*WORK ITEM:*
From the first line of the data down to the line bearing "Einstellungsebenen: also Einstellungsebene", output every line exactly and include no pictures.

*EXERCISE DATA:*
◆ ◆ ◆
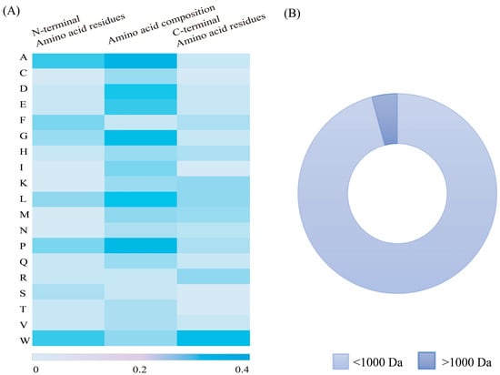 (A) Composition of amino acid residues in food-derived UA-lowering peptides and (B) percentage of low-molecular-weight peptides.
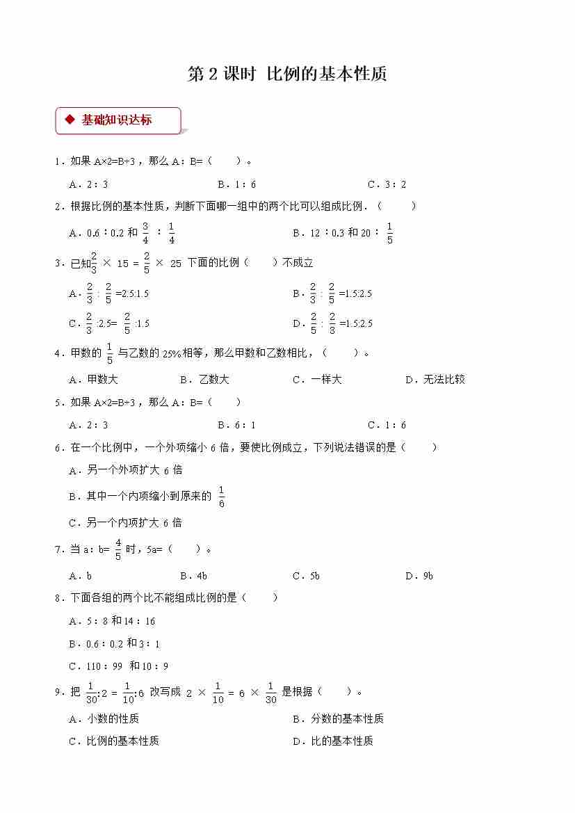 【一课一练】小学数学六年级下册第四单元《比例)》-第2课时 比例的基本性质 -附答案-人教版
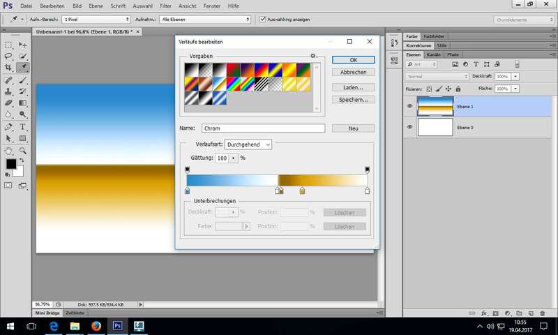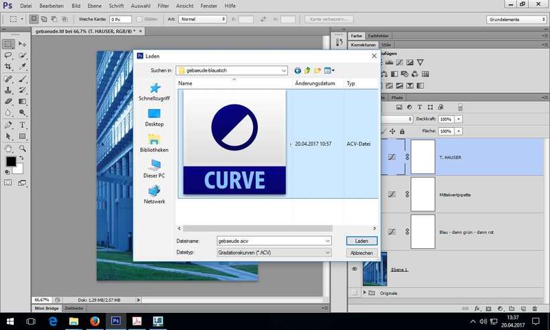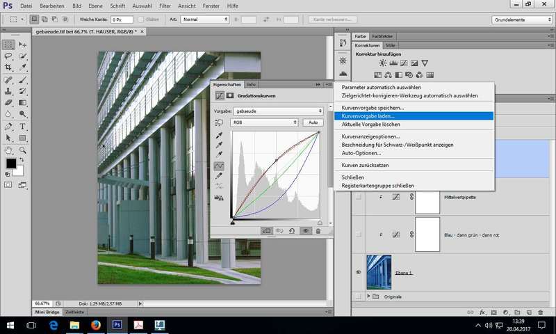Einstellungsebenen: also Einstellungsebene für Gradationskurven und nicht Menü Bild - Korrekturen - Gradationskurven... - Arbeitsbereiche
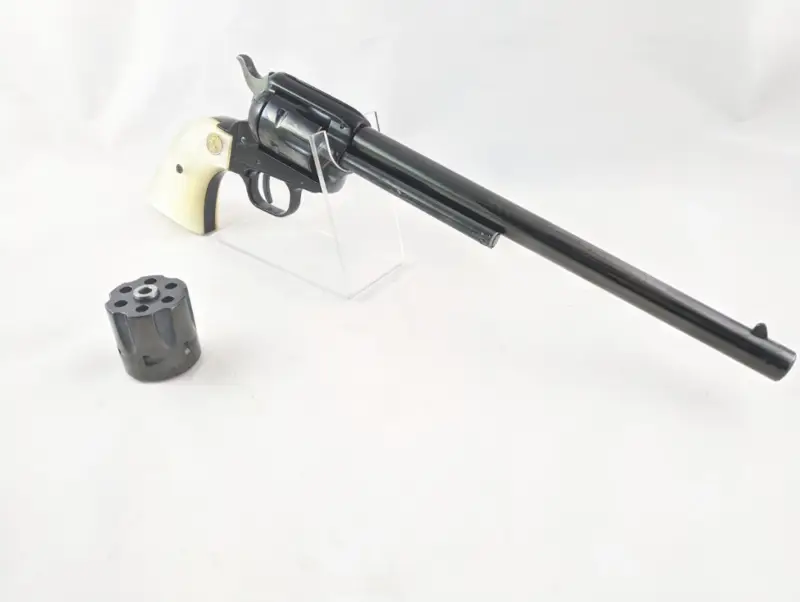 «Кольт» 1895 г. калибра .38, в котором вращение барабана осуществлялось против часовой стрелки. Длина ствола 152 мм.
◆ ◆ ◆
*EXERCISE OUTPUT:*
 (A) Composition of amino acid residues in food-derived UA-lowering peptides and (B) percentage of low-molecular-weight peptides.
 【一课一练】小学数学六年级下册第四单元《比例)》-第2课时 比例的基本性质 -附答案-人教版
Einstellungsebenen: also Einstellungsebene für Gradationskurven und nicht Menü Bild - Korrekturen - Gradationskurven... - Arbeitsbereiche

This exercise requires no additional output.